Lott 3 Professors and doctors should be looking for students that have enhanced social skills. In the article, “The Doctor Will See You –- If You are Quick,” the author acknowledges that “Medical schools have traditionally put a premium on recruiting students who test well, but testing well doesn't guarantee the social skills to listen to patients” (Brownlee 1). If physical therapists look for specific social qualities in another student, then the physical therapist should have no problem with patients who feel unwelcome. The physical therapist needs to be able to communicate with a patient even if the patient does not do what they are told. Noncompliant patients are the most difficult patients to cope with as a therapist. Noncompliant patents bring the fault on themselves. Patients who are not doing their at-home therapy can cause long term difficulties. In the article, “Why Treat Noncompliant Patients?,” Nir Eyal explains that “[p]atients’ medical conditions can result from their own avoidable risk taking. Some lung diseases result from avoidable smoking and some traffic accidents result from victims’ reckless driving” (Eyal 572). Eyal explains that some noncompliant patients may cause themselves the problem, and this can cause the physical therapist to look bad. Although noncompliant patients are the worst to manage, they are still patients and should be respected. Most doctors care about their patients who do what they are told; however, the ones who do not do their at-home therapy doctors will only worry about the patient of that patient. The decent minimum is the manner most therapists agree to be the best way to treat a noncompliant patient. In “Why Treat Noncompliant Patients?,” Eyal explains that the“popular account is that protecting everyone’s “decent minimum,” their basic needs” (Eyal 572). Patients that are not willing to help themselves can only be helped so much, enough to address their “basic needs.” However, noncompliant patients should not be ignored because of their own laziness.

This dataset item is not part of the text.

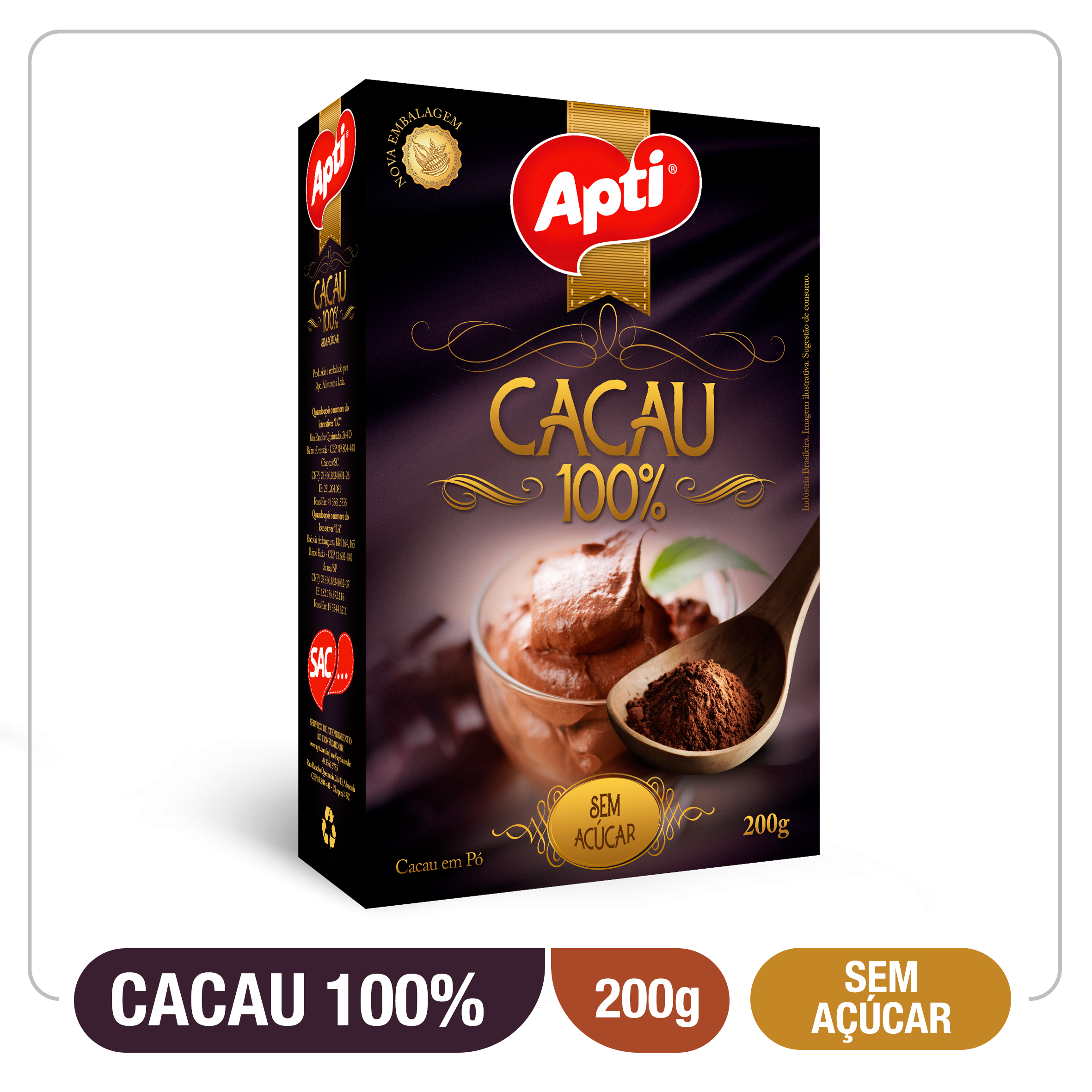 Cacau Em Pó Apti Sem Açúcar 100% Cacau 200G

Lott 4 Physical therapy is a field of many advantages; however, there are also a few faults. Physical therapists have problems with insurance, doctor availability, and the largest problem, noncompliant patients. Physical therapists should not have to deal with and cope with patients who are noncompliant patients, but they do. However, insurance is a different story. Physical therapy is a great field for a people who enjoy hands-on activities and people who enjoy a persons company.

Lott 5 Work Cited Barbara A. Leggett, et al. "Intergroup Communication Between Hospital Doctors: Implications For Quality Of Patient Care." Social Science & Medicine 69.12 (2009): 1732-1740. Academic Search Premier. Web. 13 Sept. 2012 Brownlee, Shannon. "The Doctor Will See You--If You're Quick." Newsweek 159.17/18 (2012): 46-50. Academic Search Premier. Web. 13 Sept. 2012. Eyal, Nir. "Why Treat Noncompliant Patients? Beyond The Decent Minimum Account." Journal Of Medicine & Philosophy 36.6 (2011): 572-588. Academic Search Premier. Web. 13 Sept. 2012 Mo Chunyan, et al. "The Problems And Solutions To The Building Of The New-Type Rural Cooperative Medical Workforce." Asian Social Science 7.9 (2011): 78-85. Academic Search Premier. Web. 13 Sept. 2012.